• **ACTION ITEM**: Where the data below shows a picture, leave that picture out and copy the rest exactly.

• **SUPPLIED MATERIAL**:
# # # #

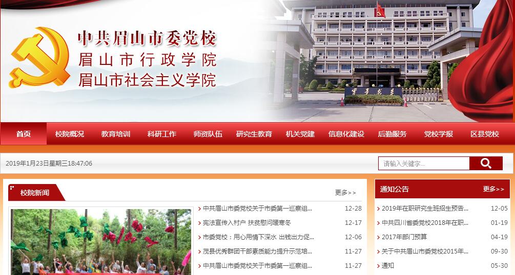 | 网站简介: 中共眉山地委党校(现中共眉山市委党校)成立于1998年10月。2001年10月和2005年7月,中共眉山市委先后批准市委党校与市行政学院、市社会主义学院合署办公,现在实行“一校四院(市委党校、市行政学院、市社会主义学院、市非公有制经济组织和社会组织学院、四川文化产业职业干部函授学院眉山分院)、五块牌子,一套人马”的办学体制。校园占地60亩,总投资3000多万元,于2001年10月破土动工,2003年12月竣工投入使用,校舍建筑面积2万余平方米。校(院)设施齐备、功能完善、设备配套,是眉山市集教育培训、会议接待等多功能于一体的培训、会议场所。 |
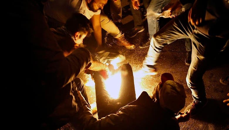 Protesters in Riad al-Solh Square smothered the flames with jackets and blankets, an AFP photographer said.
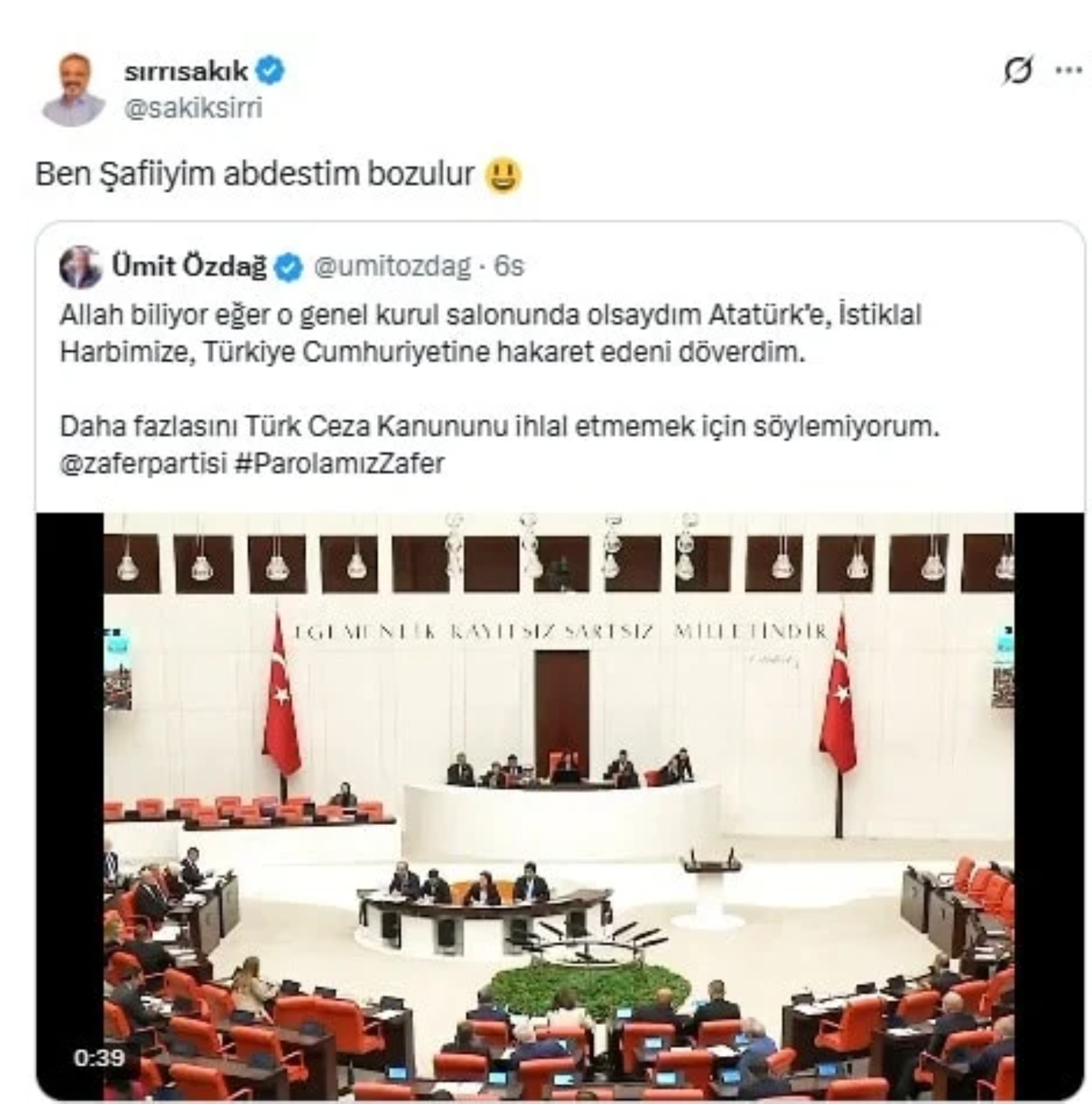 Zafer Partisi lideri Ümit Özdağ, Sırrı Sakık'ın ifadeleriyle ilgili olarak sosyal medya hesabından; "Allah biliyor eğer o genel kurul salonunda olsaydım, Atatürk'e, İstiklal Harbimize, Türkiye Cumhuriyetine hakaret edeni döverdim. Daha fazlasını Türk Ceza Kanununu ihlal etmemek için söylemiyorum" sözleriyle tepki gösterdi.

# # # #

• **RESULT OF THE TASK**:
 | 网站简介: 中共眉山地委党校(现中共眉山市委党校)成立于1998年10月。2001年10月和2005年7月,中共眉山市委先后批准市委党校与市行政学院、市社会主义学院合署办公,现在实行“一校四院(市委党校、市行政学院、市社会主义学院、市非公有制经济组织和社会组织学院、四川文化产业职业干部函授学院眉山分院)、五块牌子,一套人马”的办学体制。校园占地60亩,总投资3000多万元,于2001年10月破土动工,2003年12月竣工投入使用,校舍建筑面积2万余平方米。校(院)设施齐备、功能完善、设备配套,是眉山市集教育培训、会议接待等多功能于一体的培训、会议场所。 |
 Protesters in Riad al-Solh Square smothered the flames with jackets and blankets, an AFP photographer said.
 Zafer Partisi lideri Ümit Özdağ, Sırrı Sakık'ın ifadeleriyle ilgili olarak sosyal medya hesabından; "Allah biliyor eğer o genel kurul salonunda olsaydım, Atatürk'e, İstiklal Harbimize, Türkiye Cumhuriyetine hakaret edeni döverdim. Daha fazlasını Türk Ceza Kanununu ihlal etmemek için söylemiyorum" sözleriyle tepki gösterdi.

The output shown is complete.